Wien. Die dreitägige Staatstrauer wurde nicht gerade staatstragend verbracht. Auf der Suche nach der Ursache für den Terrorakt in der Wiener Innenstadt mit vier Toten und 23 Verletzten ergeht sich die Politik in Schuldzuweisungen: Opposition gegen Regierung, türkises Innenministerium gegen grünes Justizministerium.

Wie konnte das passieren? Trägt die Justiz Schuld, weil der Mann wegen guter Führung vorzeitig entlassen wurde? Die Bewährungshelfer und Deradikalisierer, weil ihnen nicht aufgefallen ist, dass der 20-Jährige dem Islamischen Staat nie abgeschworen hatte? Oder das Innenministerium, weil ein Hinweis der slowakischen Behörden, dass der Mann im Juli versucht hatte, Munition zu kaufen, nicht zur sofortigen Verhaftung geführt hat? ÖVP-Innenminister Karl Nehammer hat versprochen, eine unabhängige Untersuchungskommission einzusetzen, die all diese Fragen klären soll.

Waffenkauf im Nachbarland

Bis es so weit ist, wird die Zeit für politische Kleinkriege genützt. Zuletzt attackierte Ex-FPÖ-Innenminister Herbert Kickl seinen ÖVP-Nachfolger scharf. Das BVT habe versagt. Kickl legte ein Dokument der slowakischen Behörden vor, das zeigt, dass man bereits im Juli meldete, dass Terrorist F. K. versucht hatte, in der Slowakei Munition zu kaufen. Außerdem verriet Kickl, dass es zwei (offenbar bis dahin noch laufende) verdeckte Operationen gegeben habe, die einen konzertierten Schlag gegen die Islamistenszene in Österreich vorgehabt hatten. Die Hausdurchsuchungsaktionen hätten – laut Kickl – am 3. November, am Tag nach dem Attentat, stattfinden sollen. Minister Nehammer seinerseits konterte: Dass ausgerechnet Kickl, der das BVT in seiner Ära ruiniert habe, nun Derartiges behauptet, richte sich von selbst.

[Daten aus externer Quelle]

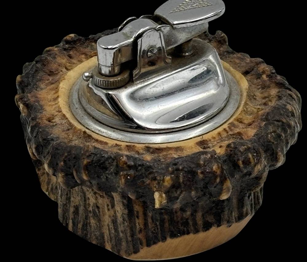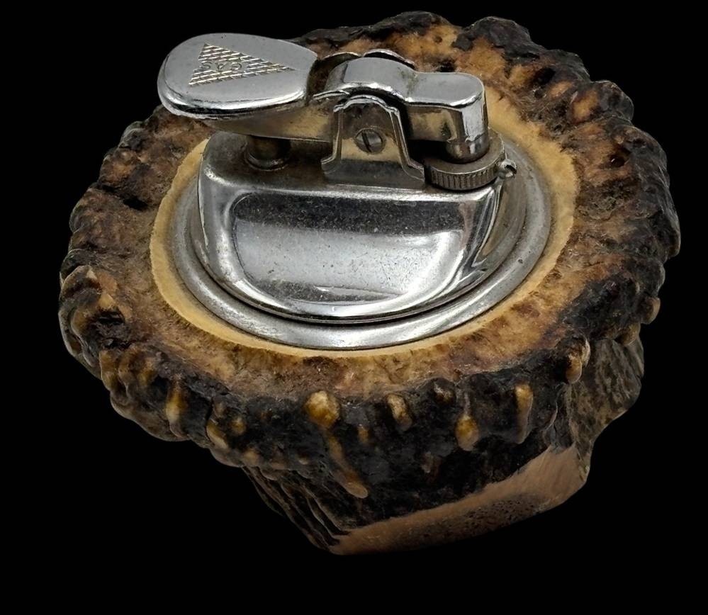 Tischfeuerzeug, Gas, in Hirschhorn-Gehäuse, H-6 cm, D-7 cm [1]
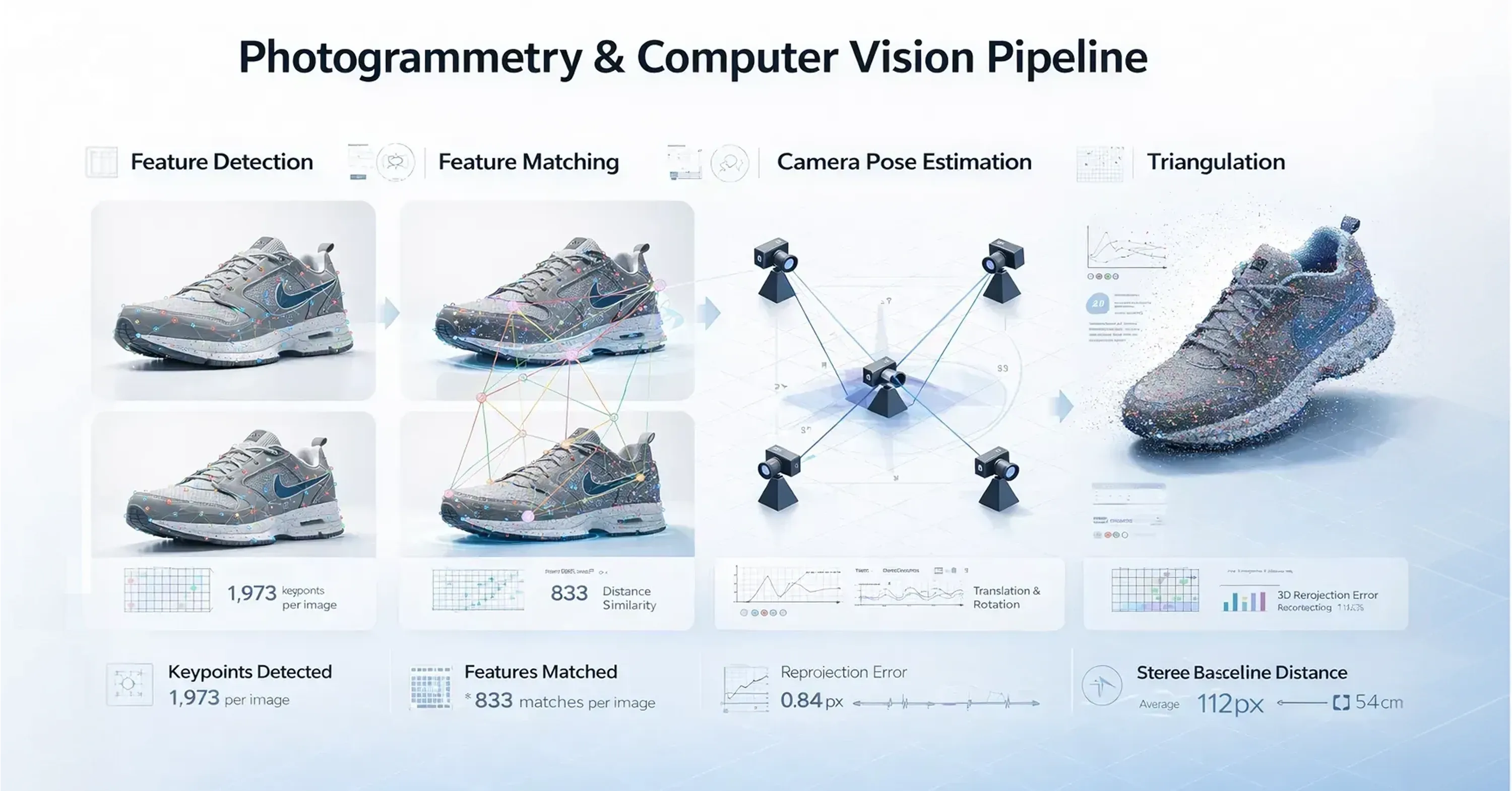 Geometry Generation: The software calculates the camera positions and the 3D coordinates of the matched points.

Aber was ist passiert? Mitte Juli fuhr der Attentäter K. F. mit dem Auto von der Mutter eines Freundes in die Slowakei. Er ging in ein Waffengeschäft und wollte Munition für ein AK-47-Sturmgewehr kaufen. Er bekam sie aber nicht, weil er keine Lizenz vorweisen konnte. Der Waffenhändler meldete an die Behörden, dass ein jihadistisch anmutender Österreicher ebenjenen Kauf tätigen wollte. Die slowakischen Behörden informierten daraufhin Österreich. Das Bundesamt für Verfassungsschutz und Terrorismusbekämpfung (BVT) gab das Schreiben samt schlechtem Lichtbild an das Landesamt für Verfassungsschutz (LVT) in Wien. Ein Fragment eines Kennzeichens wurde ebenfalls übermittelt. Das LVT stellte Akten mit Fotos zusammen, das BVT bat Europol, dass die Bilder dem Verkäufer zur Identifizierung vorgelegt werden sollten. Und dann dauerte es. Trotz dreimaliger Nachfrage der österreichischen Behörden in der Slowakei war eine Identifizierung erst Mitte Oktober möglich.

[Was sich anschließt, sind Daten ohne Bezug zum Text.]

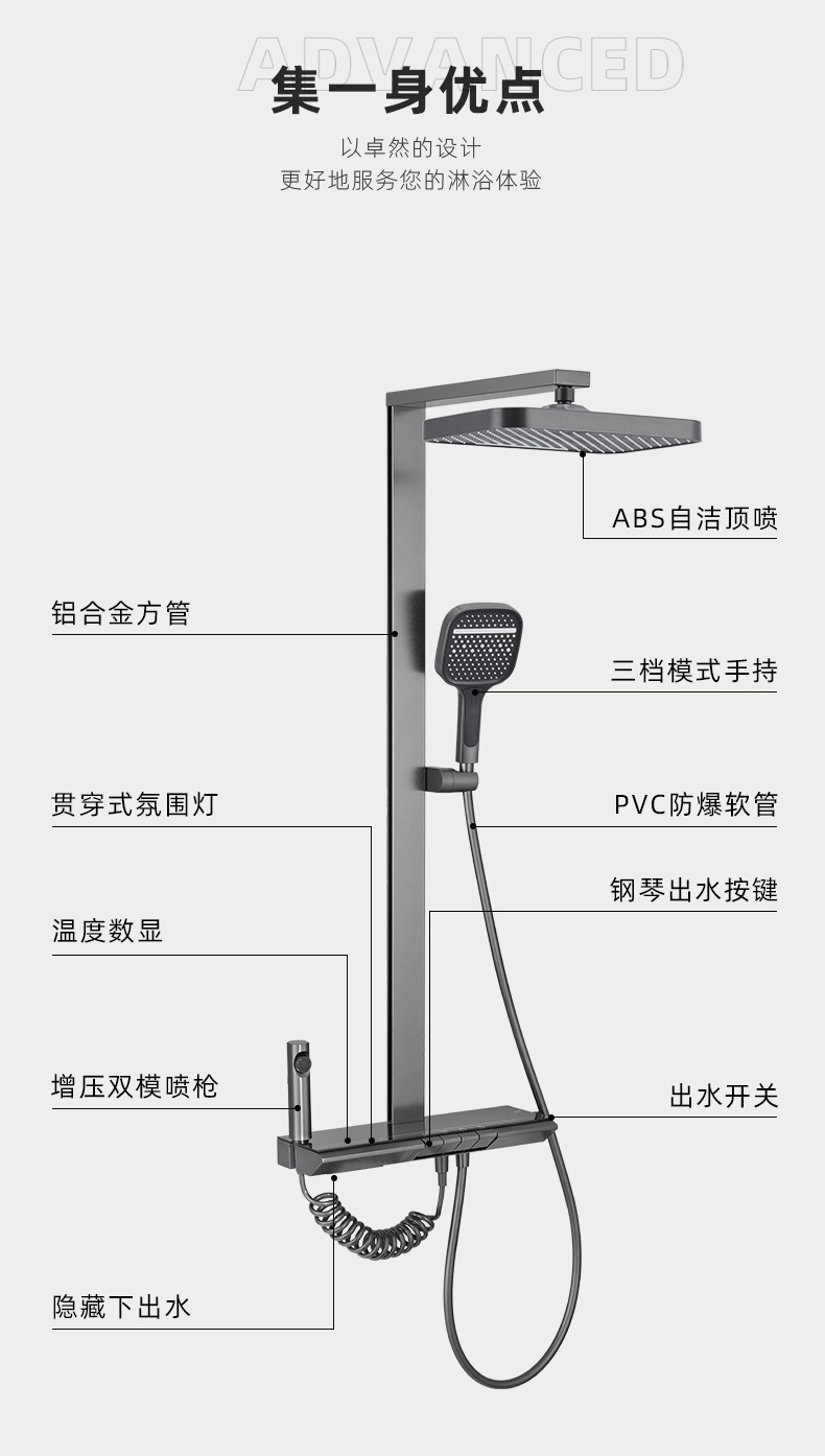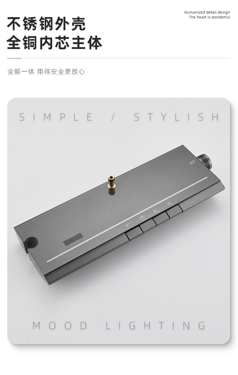 • 디지털 디스플레이 주변 조명을 갖춘 브러시드 건 그레이 사각형 막대 4가지 기능 범용 모델

Was passierte dann? Eine Gefährdungsbewertung des Täters wurde erstellt, sagte der Wiener Polizeipräsident, Gerhard Pürstl, in einer Pressekonferenz am Donnerstag. Das sei keine einfache Sache, es gäbe viele Parameter. Der Verfassungsschutz habe daraufhin Ermittlungen „auf hohem Niveau eingeleitet“ – und das, obwohl bis zum Schluss nicht hundertprozentig sicher war, dass F. K. auch wirklich jene Person war, die den Kauf in der Slowakei tätigen wollte. Das sei laut Generalsekretär Franz Ruf auch der Grund, warum man den Mann nicht observieren konnte. Um eine Genehmigung für derartige Maßnahmen zu erhalten, müsste die Identität eindeutig feststehen. Im Schreiben der slowakischen Behörde steht tatsächlich: „Wahrscheinlich handelt es sich um F. K.“ und einen weiteren Mann. Letzterer wurde übrigens ebenfalls bereits verhaftet und sitzt derzeit in der Justizanstalt Wien Josefstadt. Außerdem hätte F. K. am 4. November ein Gespräch mit Derad, dem Deradikalisierungsverein, haben sollen. Das wollten die Behörden nach „Presse“-Informationen noch abwarten, um dann zu beschließen, wie vorzugehen sei.

Nehammer stellte am Donnerstag klar, dass die von Kickl angesprochene und geplante Razzia nichts mit dem Fall zu tun hatte. Laut „Presse“-Informationen ist die Operation noch am Laufen. Allerdings steht infrage, ob man diese überhaupt noch durchführen kann. Es habe keinen Sinn mehr, diese durchzuführen, heißt es aus Ermittlerkreisen gegenüber der „Presse“. Kickls Veröffentlichung habe die Ermittlungen und V-Leute in Gefahr gebracht.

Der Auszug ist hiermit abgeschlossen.